**Problem details**
Take the listing below and print exactly the lines starting at the line containing "RAPID ADAPTATION OVER" and ending at the line containing "Посольство Украины в", both ends included, and no others.

BEGIN Information

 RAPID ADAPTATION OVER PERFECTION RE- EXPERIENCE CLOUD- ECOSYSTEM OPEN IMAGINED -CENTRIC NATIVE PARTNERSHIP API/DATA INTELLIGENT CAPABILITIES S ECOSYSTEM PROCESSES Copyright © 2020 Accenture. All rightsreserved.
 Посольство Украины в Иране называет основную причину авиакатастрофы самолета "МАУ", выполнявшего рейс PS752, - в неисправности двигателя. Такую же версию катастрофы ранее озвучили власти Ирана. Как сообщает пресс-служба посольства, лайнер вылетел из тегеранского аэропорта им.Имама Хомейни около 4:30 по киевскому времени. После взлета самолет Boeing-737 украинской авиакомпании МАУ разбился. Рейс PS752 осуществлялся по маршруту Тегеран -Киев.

END Information
BEGIN Information

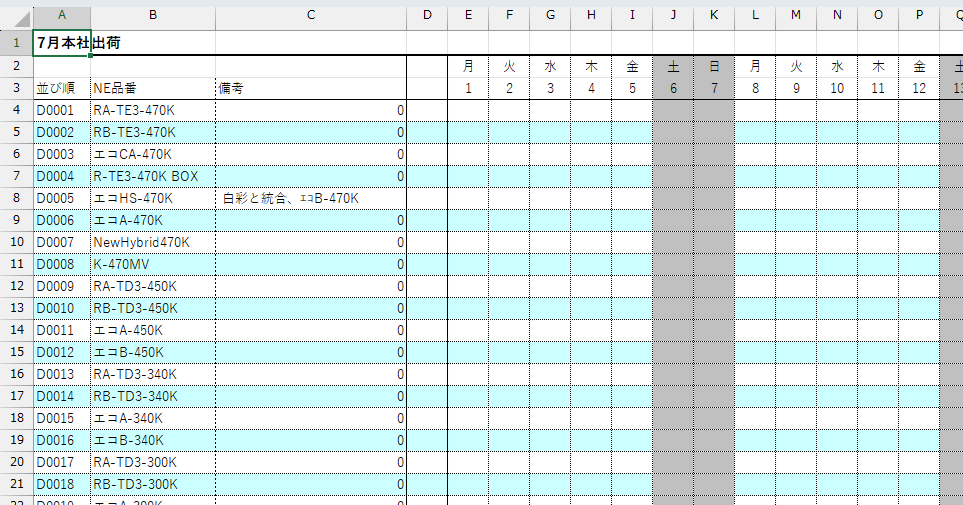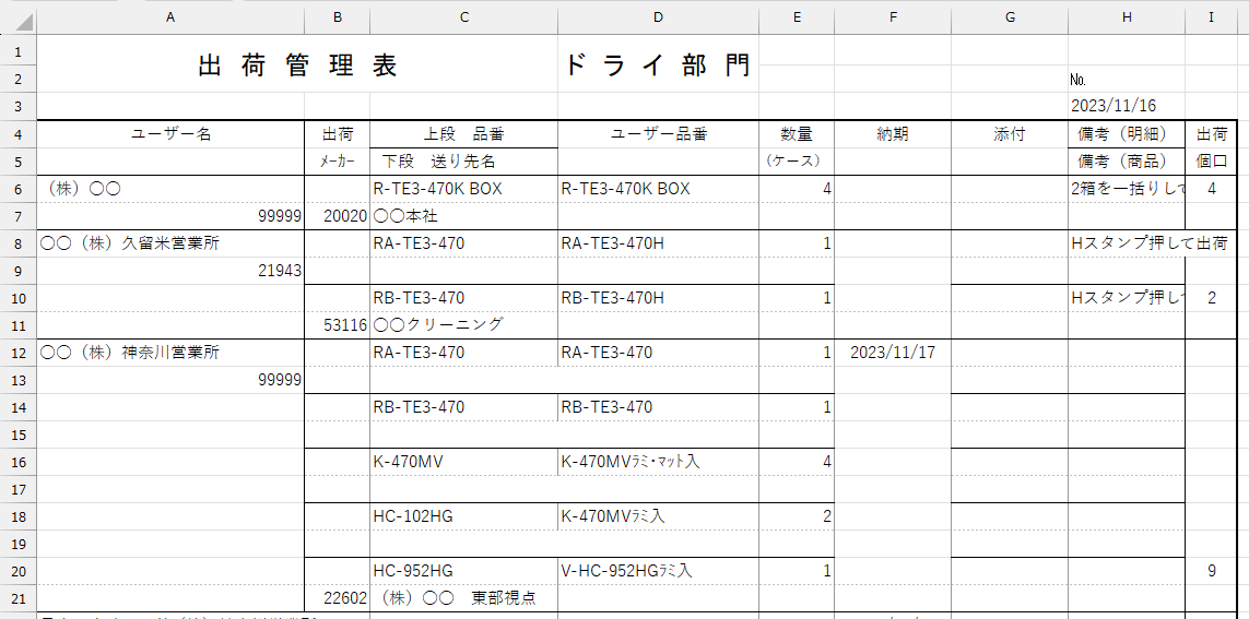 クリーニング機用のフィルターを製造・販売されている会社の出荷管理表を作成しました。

END Information
BEGIN Information

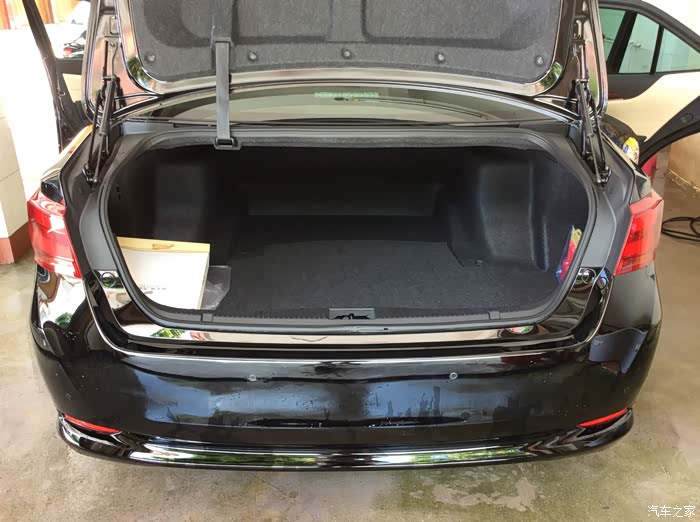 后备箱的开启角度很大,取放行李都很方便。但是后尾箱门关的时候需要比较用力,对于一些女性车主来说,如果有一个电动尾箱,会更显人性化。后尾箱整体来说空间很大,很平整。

END Information

**Reply to the task**
 RAPID ADAPTATION OVER PERFECTION RE- EXPERIENCE CLOUD- ECOSYSTEM OPEN IMAGINED -CENTRIC NATIVE PARTNERSHIP API/DATA INTELLIGENT CAPABILITIES S ECOSYSTEM PROCESSES Copyright © 2020 Accenture. All rightsreserved.
 Посольство Украины в Иране называет основную причину авиакатастрофы самолета "МАУ", выполнявшего рейс PS752, - в неисправности двигателя. Такую же версию катастрофы ранее озвучили власти Ирана. Как сообщает пресс-служба посольства, лайнер вылетел из тегеранского аэропорта им.Имама Хомейни около 4:30 по киевскому времени. После взлета самолет Boeing-737 украинской авиакомпании МАУ разбился. Рейс PS752 осуществлялся по маршруту Тегеран -Киев.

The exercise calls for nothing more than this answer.